# Nissan Rims



## Doggy Daddy (Aug 21, 2002)

[/IMG] 

Can anyone out there tell me wher I can find these rims. If you can email me at [email protected]. Thank you


----------



## ScarCrow28 (May 14, 2002)

i've never seen those b4, not too bad, in fact those would be great for my winter tire set. i like them! 

did you see how much at the dealer????


----------



## AaroNX (Jun 18, 2002)

Those are factorys from a classic SER and the NX's. Try a junk yard.


----------



## Doggy Daddy (Aug 21, 2002)

People tell me that I can get them form junk yards, but the thing is I live in Barbados an we have verY little SER`S and NX2000 here.....like under 5 of them are here. So I would gladly appreciate if there is anyone out there can get a set for me that are in good condition and I would import the rims from them.
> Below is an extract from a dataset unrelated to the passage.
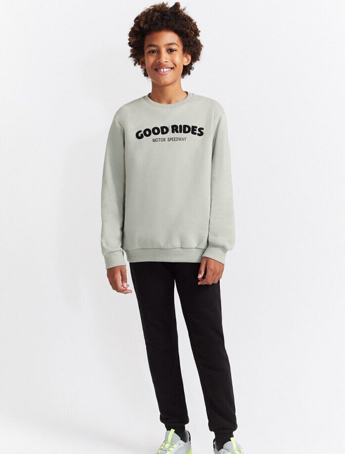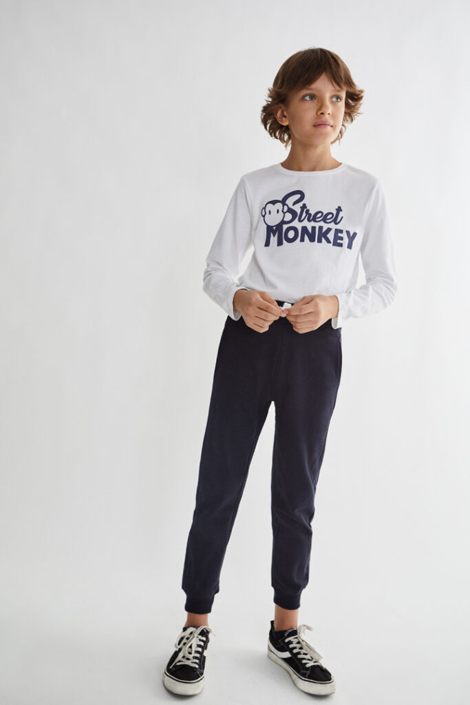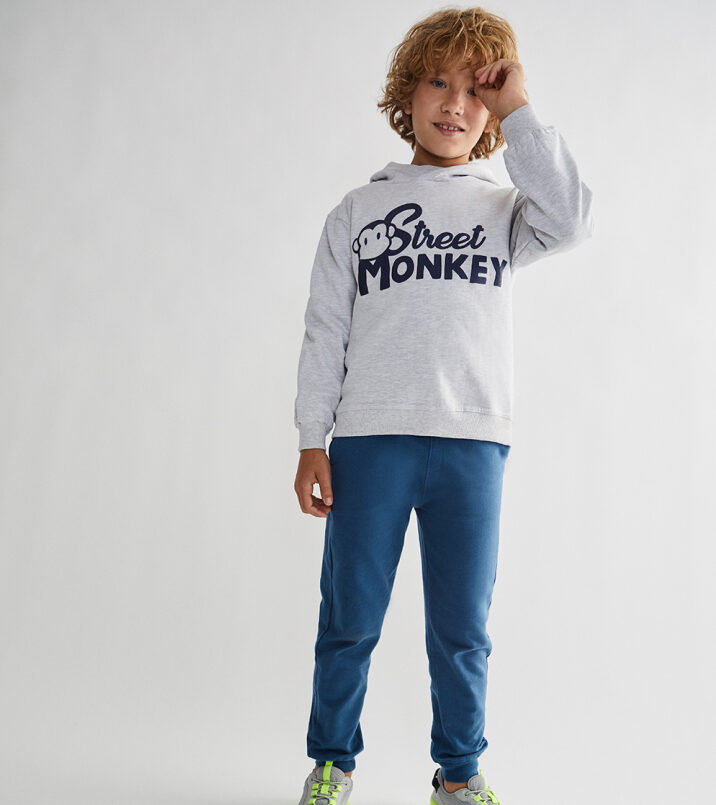 Pantalón felpa perchada con cinturilla elástica y cordones ajustables frontal, bolsillos delanteros y bajo acabado en puño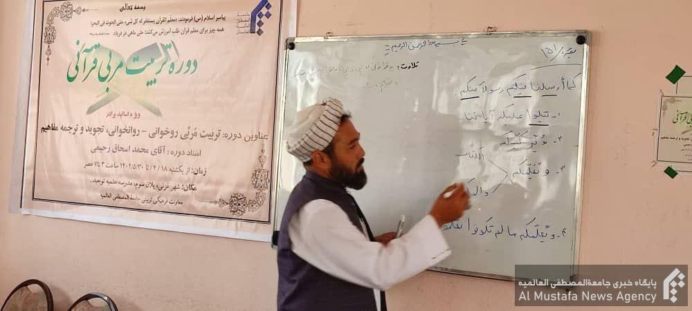 دوره تربیت مربی قرآنی با تدریس استاد محمد اسحاق رحیمی برای اساتید قرآنی خواهر مدارس علمیه ولایت عزنی برای ۴۰ جلسه درسی تنظیم گردید.

THANKS GUYS, PLEASE HELP ME OUT.


----------



## AaroNX (Jun 18, 2002)

OK I understand your position. Go here and put an ad in the classifieds. Someone should help you there.
http://64.146.50.250/index.php?s=


----------



## blownb310 (Jun 10, 2002)

Those wheels only came on the NX2000, not an SE-R. That makes them even tougher to find.


----------



## AaroNX (Jun 18, 2002)

They came on NX2000 and GTI-R's. My bad wasn't paying attention. I only have two of mine left and they have slicks on them.


----------



## Doggy Daddy (Aug 21, 2002)

Are you using the ones that are on slicks if you are you can sell me them.


----------



## AaroNX (Jun 18, 2002)

Actually my friend is using them. Sorry.


----------